Although 2010 will be an exceptionally tough year for retailing, Co-operative Group Chief Executive Peter Marks says his three-year pledge to double profits since the summer 2007 merger...

Despite what he termed a climate of fear for consumers due to worries over the state of the economy, Mr Marks told the Group AGM in Manchester that when he addresses next year’s annual meeting, he will be able to announce another significant improvement in the Group’s profits.

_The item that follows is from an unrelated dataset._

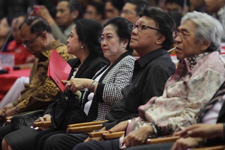 Ketua MPR Taufiq Kiemas, Sekjen DPP PDIP Tjahjo Kumolo, Ketua Umum DPP PDIP Megawati Soekarnoputri, dan Ketua Fraksi Puan Maharani hadir dalam Seminar Nasional "Migas Untuk Kemandirian Energi" di Gedung DPR, Jakarta, Rabu (27/2). Seminar ini mengupas berbagai persoalan mengenai penguasaan Blok-blok Migas yang sebagian besar dikuasai asing ini, sebagai masukan sekaligus acuan dalam penyusunan draft RUU Migas yang oleh Fraksi PDIP disebut RUU Merah Putih, agar kedepan Kedaulatan Migas yang menjadi impian Nasional dapt terwujud. TEDY KROEN/RAKYAT MERDEKA

“We had a tremendous year in 2009, particularly in the context of the very difficult economic climate we’re working in,” said Mr Marks. “We enjoyed record sales of just short of £14 billion — consolidated results including the Trading Group and CFS — and a record operating profit of £473 million, up a substantial 20 per cent. Profit before tax is up a massive 85 per cent.”

However the Group CEO acknowledged that return on capital employed had dipped from 11.4 to 9.6 per cent. He said this was expected and planned for due to the massive Somerfield acquisition and described the fall as a “short term blip”.

Said Mr Marks: “Over the next three years you will see that rise well above 11.4 per cent. But, even at 9.6 per cent, it’s very respectable when we benchmark it against our peers in the markets that we operate in.

“What’s very important is what our members get out of all this success and I’m happy to report that the dividend to members is at record levels again — over £100 million. But it’s not just about financial reward, it’s what we do in our communities and again, the amount that we can give to all the projects that our regions are involved in on a day by day basis is also increasing.”

Mr Marks said that although Co-operative Group stores are performing well ahead of the market, sales decreases have been experienced in Somerfield stores, though this was not a cause for serious concerns.

He said the situation was “light years away from the Morrison-Safeway scenario” a few years ago when Morrisons’ profits plunged after it acquired its retail rival.

“Yes, we’d like the sales performance of Somerfield to be better, but as we disrupt the stores, close stores for refurbishment, change ranges, change IT systems, change distribution, it was bound to happen that the customer saw that and were disappointed,” said Mr Marks.

“But we will get through that. We have to do this integration at pace. We said we’d develop one business in two years, we’re half way through that project, we’re bang on track in terms of our integration.”

Mr Marks told delegates that the Group’s food retailing operation saw a 30 per cent in profits last year, despite the problems associated with absorbing Somerfield, but emphasised the society is more than just a grocery organisation.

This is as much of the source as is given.